Они поднялись на верхний уровень и смотрели оттуда вниз, вверх и вокруг. Солнце превратило некоторые части ландшафта в золотистое конфетти. Линия горизонта напоминала покосившийся забор. В черном кратере булькали оранжевые огоньки. Комья лавы взлетали в небо. Время от времени по земле пробегала дрожь. Когда ветер менял направление или усиливался, дымовой занавес раздвигался, и можно было рассмотреть бьющиеся о подножие конуса, искаженное горячими газовыми линзами, черные волны Атлантики. У самой земли листья толстых, с человека обхватом, лиан, звенели свежестью, наверху они были чернее ночи.
— …трудно поверить, что вся Земля такая, — говорил Морвин, — и что это происходит на наших глазах.

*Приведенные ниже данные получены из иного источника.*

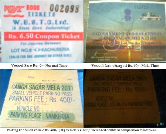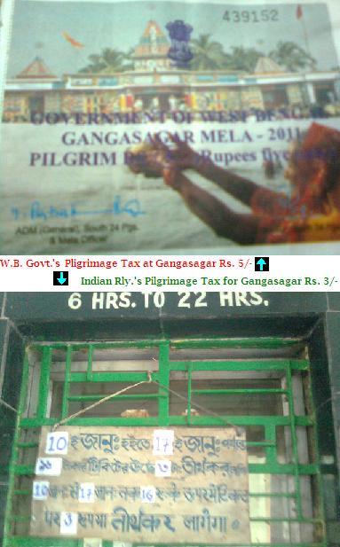 More over the State authority in WB is charging Rs 400/- for each small vehicle and Rs. 600/- for each big vehicle at two transit points at Harwood Point ( Lot-8) and Namkhana in the main land as parking fees apart from the pilgrimage tax. These fees are collected by the District Collectorate, South 24 Pgs. The South 24 Parganas District Zill Parisad (the District Civic Body) is now under the control of  Trinmool Congress of Ms. Mamta Banerjee (Central Railway minister), who is interested to display her countless hordings in a welcome mode picture throughout the NH 117 the Kolkata-Kakdwip-Namkhana roadways, but speechless about the such kind o loot from the Hindu pilgrims reaching Gangasagar.

— Спроси об этом ОЛ — это их рук дело.
— …и никто никогда не поселится на родной планете…
— Я живу здесь — как напоминание о преступлении и предостережение.
— …во Вселенной множество миров, похожих на нашу прежнюю землю. На них живут миллиарды ни в чем не повинных людей.
— Когда ставишь себе целью покарать преступников, стараешься не замечать невиновных. Таков путь мщения.
— Если не мстить, через несколько поколений не будет преступников, не будет и невиновных. По крайней мере, новое поколение ни в чем не будет виновато… а планеты сохранятся зелеными.
— Такой взгляд на вещи чересчур отдает философией для меня — человека, много видевшего в жизни.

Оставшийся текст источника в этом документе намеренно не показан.